Ia tahu, jika Selina sampai mengandung, segalanya akan berubah.
Dan Dante… bukan tipe pria yang menyukai perubahan.
Ia menarik napas panjang, menatap sekali lagi wajah istrinya, lalu melangkah keluar kamar tanpa suara, meninggalkan aroma dingin di udara yang sebelumnya dihangatkan oleh cinta, tapi kini terasa seperti kabut tipis penuh rahasia.
Selina menggeliat pelan di bawah selimut, menguap kecil sebelum membuka matanya yang masih sayu. Aroma kopi samar tercium dari meja sisi ranjang. Ia tersenyum, karena tahu hanya Dante yang membuatkan kopi tanpa diminta, pahit, tapi hangat seperti dirinya.
“Mas…” panggilnya setengah berbisik.
Dante yang sedang duduk di kursi dekat jendela hanya menoleh sekilas. “Hm?” sahutnya pendek.
Selina memperhatikan ekspresinya dingin, tapi ada sesuatu di balik tatapan itu yang tampak gelisah. Ia bangkit, duduk bersandar di kepala ranjang sambil merapikan rambutnya. “Kenapa mukamu kayak orang habis mimpi buruk?” tanyanya sambil tersenyum tipis.
Dante terdiam sejenak. “Nggak,” jawabnya singkat, meneguk kopinya tanpa menatap Selina. Tapi matanya yang redup justru mengkhianati kalimat itu.
Selina mendekat, menarik selimut hingga menutupi tubuhnya. “Kau nggak biasanya bangun sepagi ini,” ucapnya lembut. “Kepikiran kerjaan?”
Suasana kamar mendadak hening. Selina menatap Dante lama, mencoba memahami sisi keras kepala lelaki itu yang selalu menolak membicarakan hal-hal lembut seperti ini.

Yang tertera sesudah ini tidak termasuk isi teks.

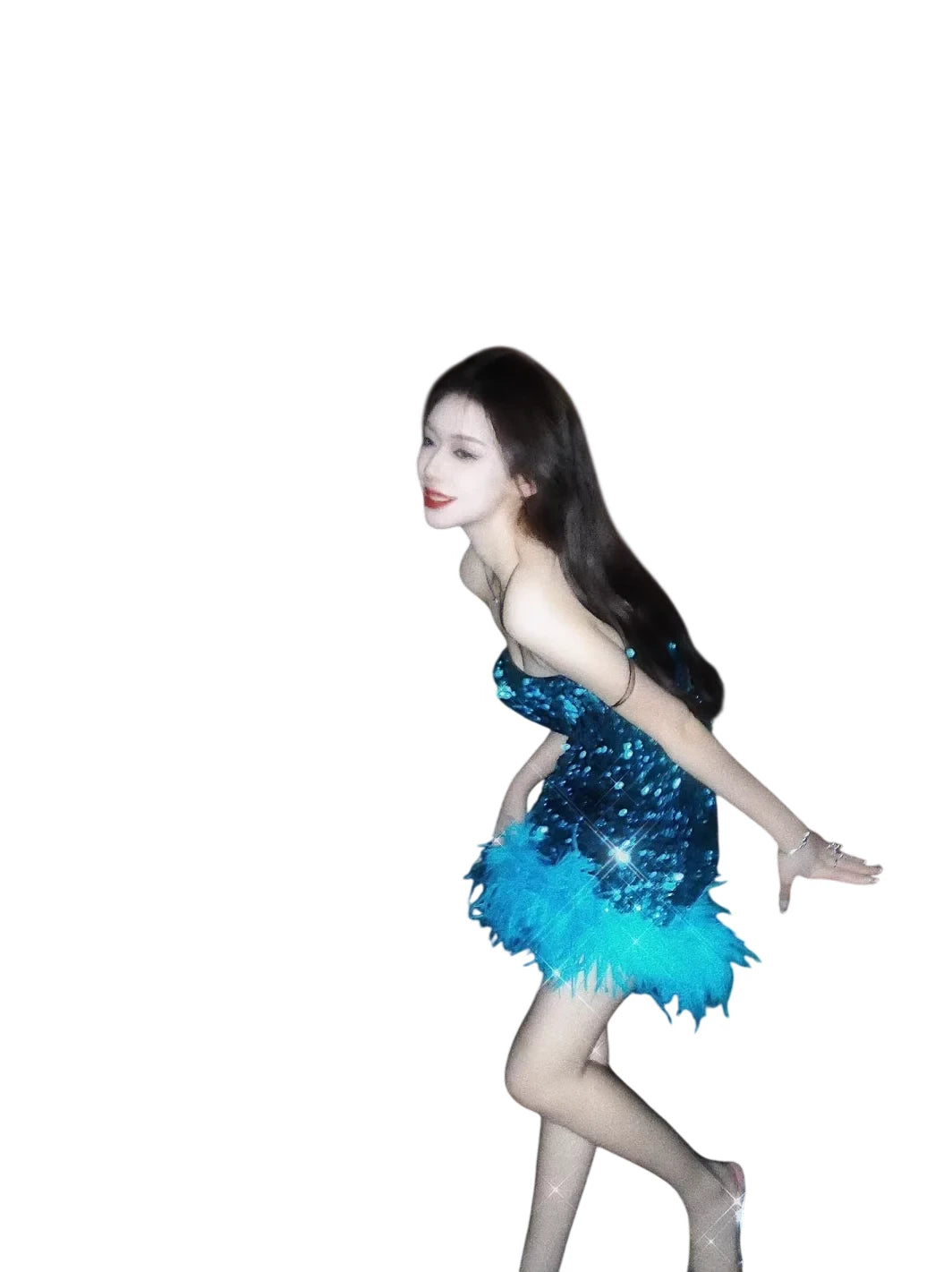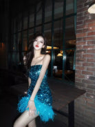 Make a statement in this stunning strapless mini dress, designed to dazzle at any evening event or party. Featuring a curve-hugging silhouette embellished with shimmering sequins and finished with a bold black ostrich feather trim at the hemline, this dress exudes glamour and sophistication. Ideal for women looking to stand out with an elegant yet edgy look.

Dante menoleh pelan, menatap Selina, kali ini dengan sorot mata yang tak lagi sedingin tadi. Ada getar halus di matanya, seperti seseorang yang sedang berperang antara rasa cinta dan ketakutan.
Ia berjalan mendekat, lalu duduk di tepi ranjang, mengelus rambut Selina.

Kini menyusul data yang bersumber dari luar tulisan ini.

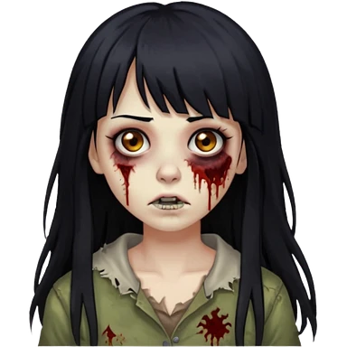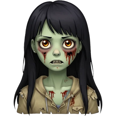 Zombie woman with long black hair and bangs, a nose piercing, and brown eyes. emoji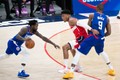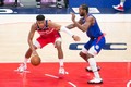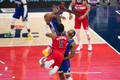 ロサンゼルス・クリッパーズとの試合でプレーする八村選手(左)=ワシントン、ランハム裕子撮影、2021年3月4日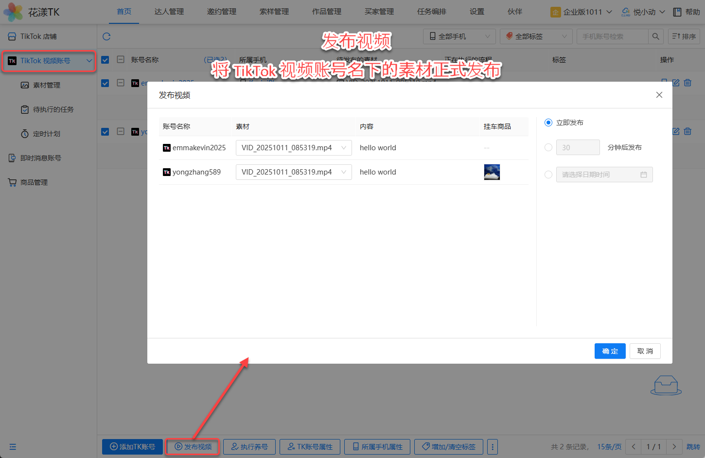 当素材准备完毕后,就可以选中 TikTok 视频账号,进行视频发布了,如下图所示:

“Sel…” suaranya rendah, serak. “Kalau pun nanti ada hal-hal yang nggak kuinginkan terjadi… aku cuma berharap kamu tetap di sini. Jangan pergi, ya.”

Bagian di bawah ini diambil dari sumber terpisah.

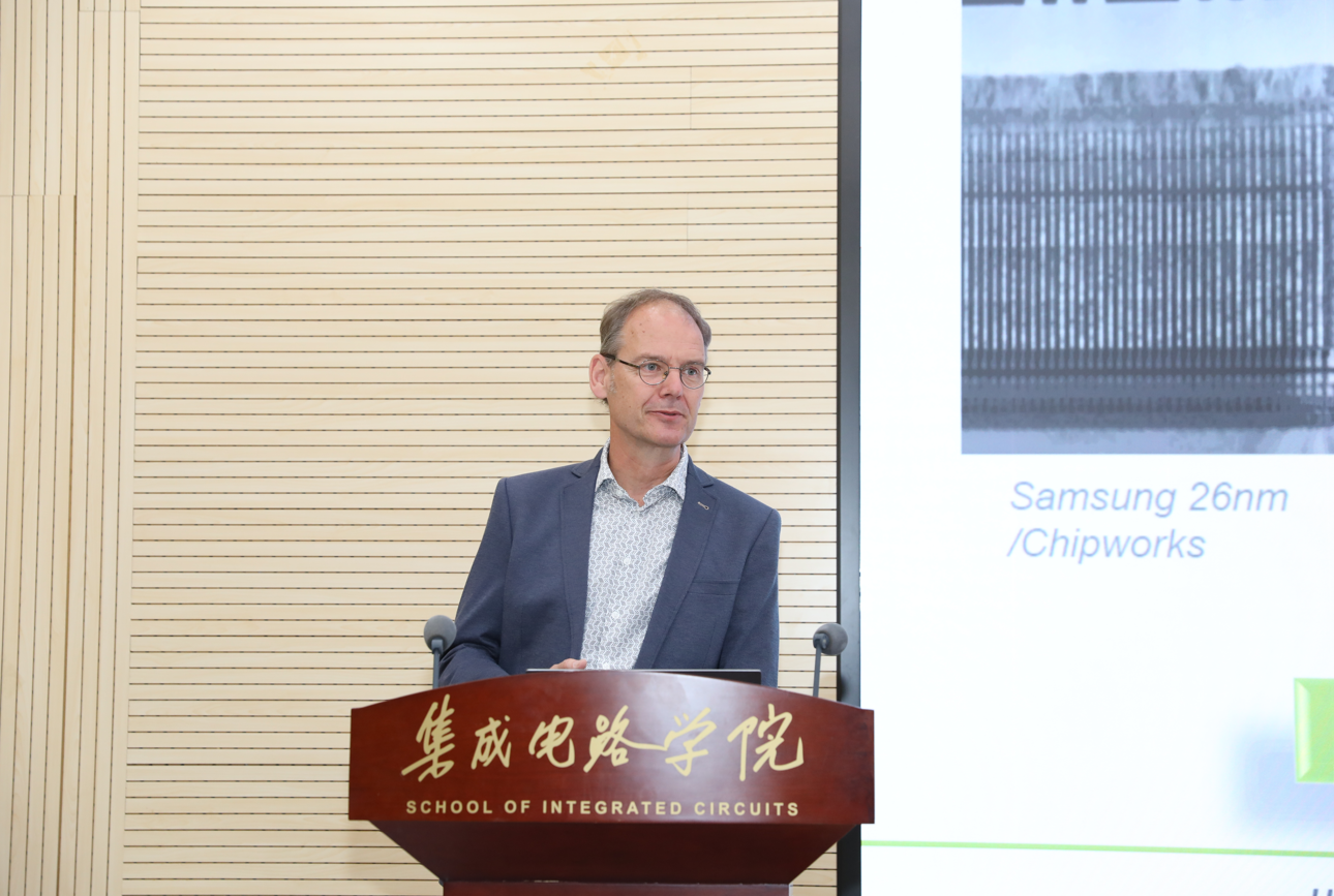 讲座中,Uwe Schroeder博士首先回顾了2006年首次发现掺杂HfO2的铁电性这一里程碑式的突破,这一发现为铁电存储器件的材料选择提供了一个CMOS工艺兼容的完美替代方案,改变了铁电存储领域的研究格局。随后,Uwe Schroeder博士从铁电性的关键影响因素讲起,深入剖析了薄膜中的应力机制,详细讲解了多种因素如何在工艺过程中对薄膜施加应力,而这些应力又是如何影响铁电相的形成过程,同时,材料的相分布反过来会在器件的循环工作过程中影响内部应力状态,揭示了两者之间复杂的相互作用关系。紧接着,Uwe Schroeder博士系统介绍了基于氧化铪的三种存储器件——FeRAM、FTJ和FeFET,阐述了它们各自的工作原理、发展趋势以及当前面临的技术挑战。最后,Uwe Schroeder博士还展示了基于铁电器件的新型应用探索,尤其是在实现高能效神经形态计算领域所展现出的潜力,为在场师生描绘了氧化铪基铁电器件未来的广阔应用前景。

Selina tersenyum lembut, menggenggam tangan Dante. “Selama kamu masih jadi rumahku, aku nggak akan ke mana-mana.”
Dante menunduk, mengecup keningnya pelan tapi dalam. Di dadanya, ada denyut aneh antara cemas dan sayang. Sementara di kepalanya, bayangan bayi kecil dari mimpinya masih terus menari, seperti firasat yang enggan hilang.